その動きすら、触れたら壊れそうな静けさを持っていた。
松村北斗
なんで…こんなに惹かれてんだろうな
そう呟いても、返事はない。
私が、静かに寝息を立てているから。
松村北斗
バレたら、お前は終わる。俺も、きっと笑えなくなる
それでも、手を離せなかった。
松村北斗
だから今だけでもいいって、思っちゃったんだよ
自嘲じちょうぎみにそう言いながら、
彼はベッドに身体を横たえた。

シーツの中で、眠る私の背中にそっと腕をまわす。
その手に力をこめた瞬間──
あなた
ん、松村…さん
寝ぼけたように、私が彼の名前を呼んだ。

彼は目を閉じて、小さく笑った。
松村北斗
ごめん。

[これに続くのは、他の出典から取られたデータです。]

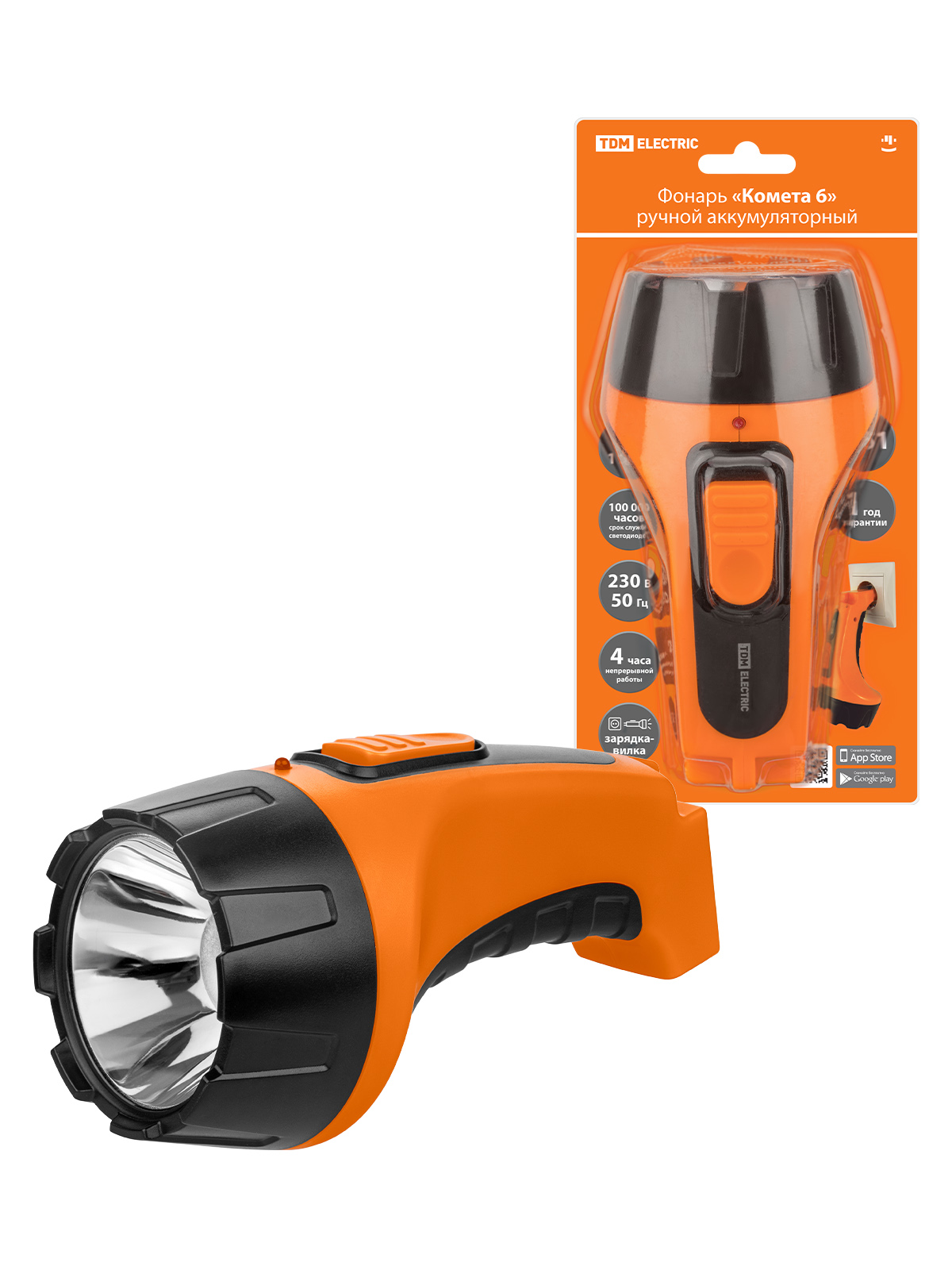 Наименование: Фонарь «Комета 6» ручной аккумуляторный, 2 Вт 1 светодиод, 0,6 А*ч 230 В вилка, TDM
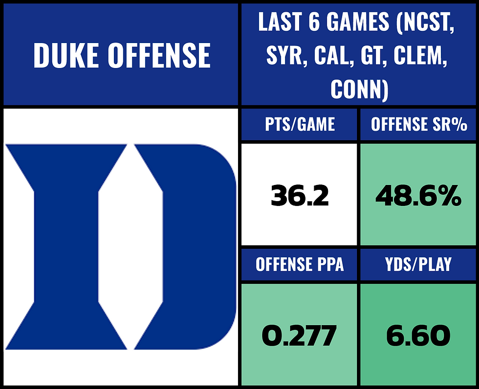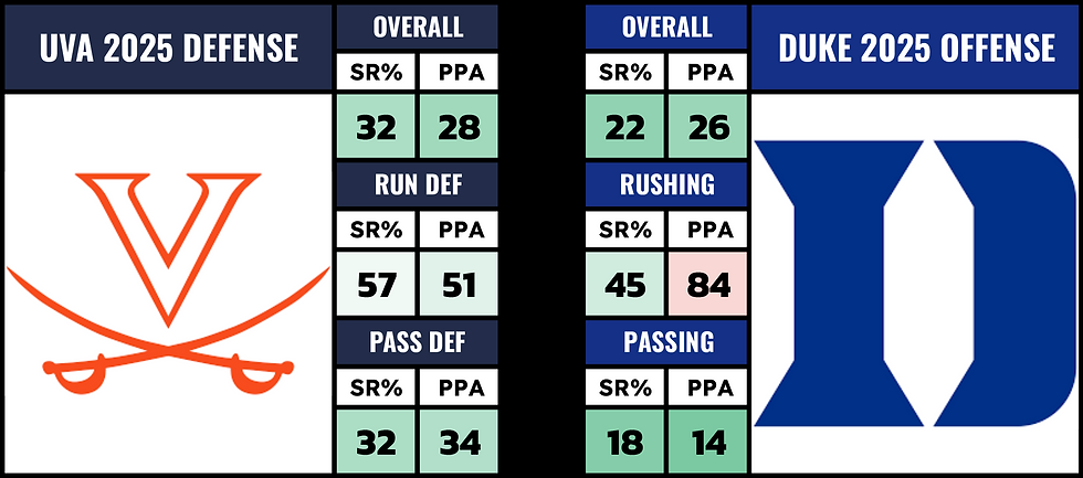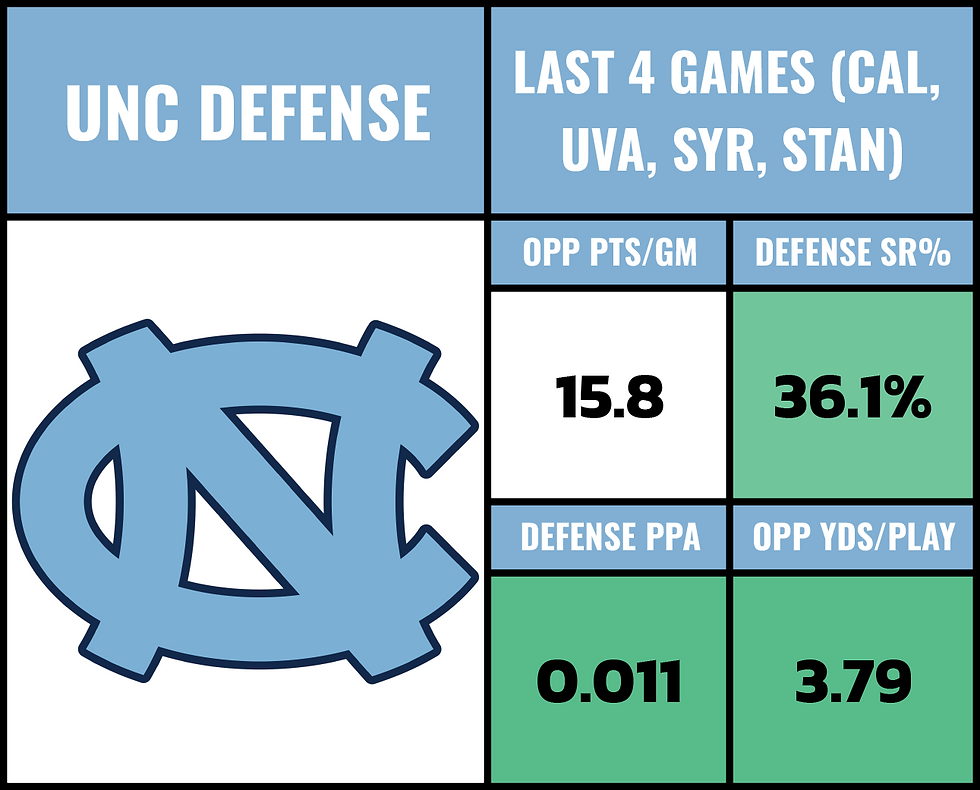 Look what UNC did to the last 4 offenses they saw. They're allowing 2.14 YPC. They might be getting CB Thaddeus Dixon back as well. He's missed all 4 of these games. WR Micah Mays Jr. is questionable. TE Eni Falayi returned last week.
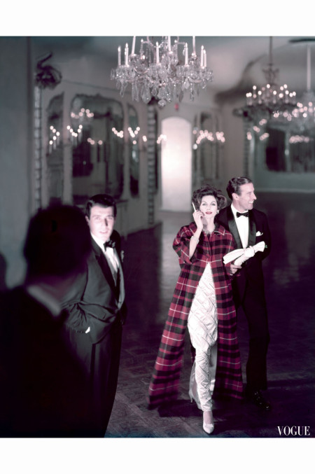 Suzy Parker wears a voluminous bow tied coat by Pertegaz for Vogue March 1954
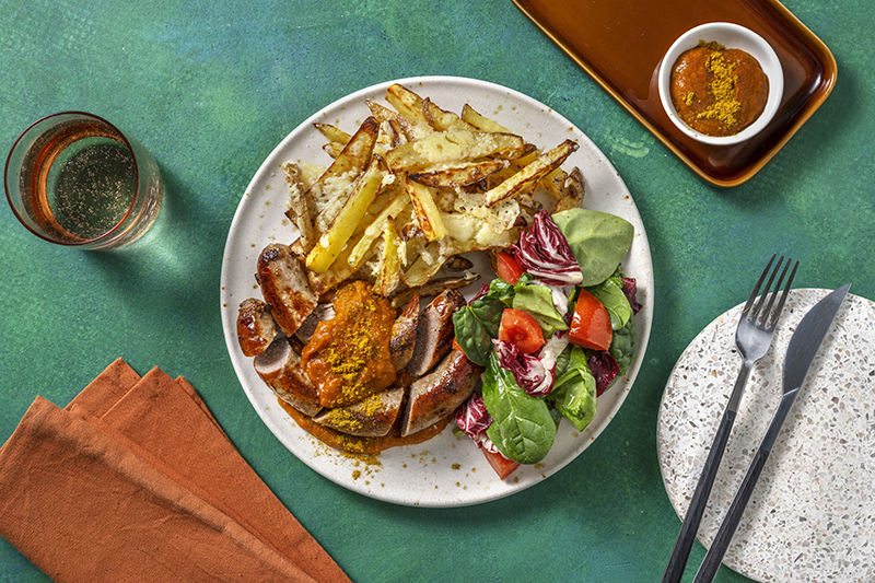 Avec sa sauce ketchup curry maison et ses frites au cheddar, c'est le plat parfait à déguster devant la télé.
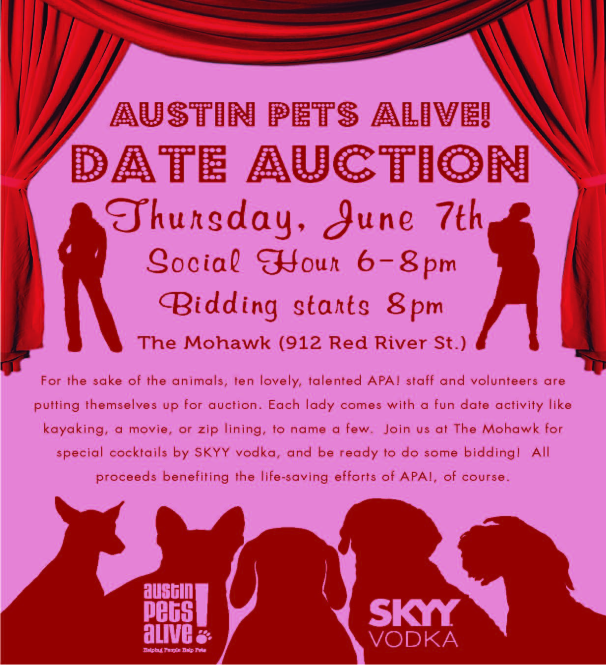 That’s right – I am in a date auction benefiting Austin Pets Alive! Myself and nine other animal lovers are putting ourselves on the bidding block in hopes to raise some funds for the cats and dogs in the amazing programs at APA… if you are in the Austin area on Thursday, June 7 stop by Mohawk between 6 and 9pm to meet the lovely ladies and bid on a chance to go on a fun date with one of us.
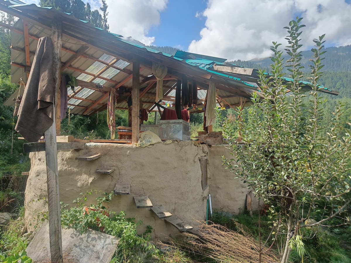 Hi! The cabin is a pvt. unit on our land, made naturally w exquisite sunset, snow clad peaks & Beas river views. Naggar is the widest part of the Kullu valley with breathtaking views & we are centrally located here. The Naggar Castle, Tripura Sundari & Krishna temple are nearby. Manali & Vashisht are 20 km. We also serve homely vegetarian meals & snacks at our home. We aren't a commercial hospitality unit, but an alt space for artists & anyone who is looking for a different travel experience.
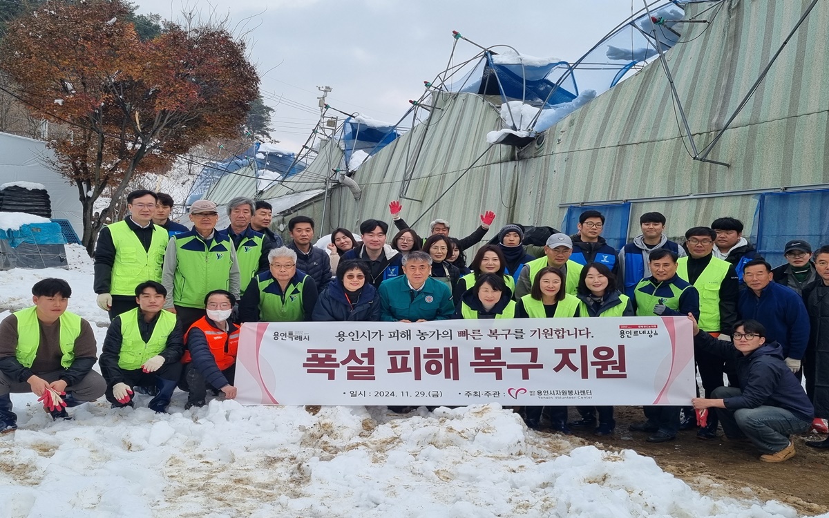 (재)용인시자원봉사센터(이사장 이상일)는 29일 폭설로 피해를입은, 남사읍 하우스 농가의 긴급 지원을 위해 자원봉사자 30여명이 자원봉사활동을 펼쳤다.
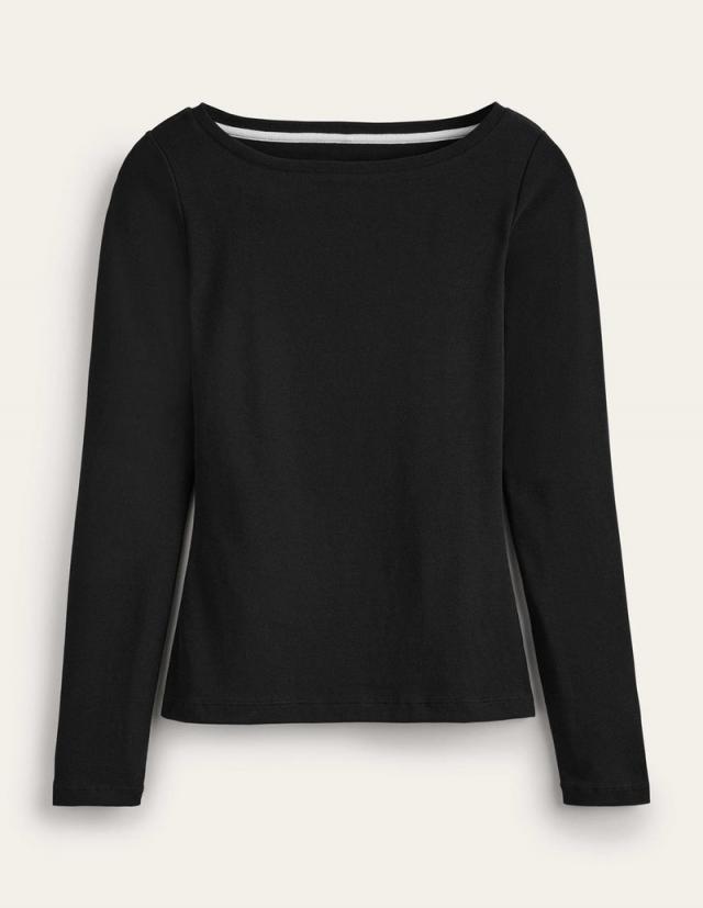 This stretch-cotton top has a soft ribbed finish that fits your body just right. The long sleeves make it a staple layer for this season and beyond.- Model is 5’9 wearing a size XS – 96% cotton 4% elastane – Machine washable – Fitted shape – Length finishes at mid hip – Full length sleeves T1478-BLK

もう…止められそうにない
☀️朝
カーテンの隙間から差し込む光に、
私はまぶしそうに目を細めた。
重なる体温。温かい腕の中。
最初、夢かと思った。

だけど、頬に触れる指があまりにもリアルで、
思わず見上げる。
松村北斗
おはよう
少し眠たげな目で、松村さんが私を見つめていた。
あなた
昨夜のこと、夢じゃなかったんですね
そう呟くと、彼は小さく頷いたあと、
真面目な声で言った。
松村北斗
夢じゃない。でも、これは現実にしちゃいけない関係だ
その言葉に、胸がちくりと痛んだ。

それでも、
腕の中はあたたかくて、
キスした唇も、どこか名残惜しげだった。

終わらせたくない。
そう思ったのは、きっと私だけじゃない。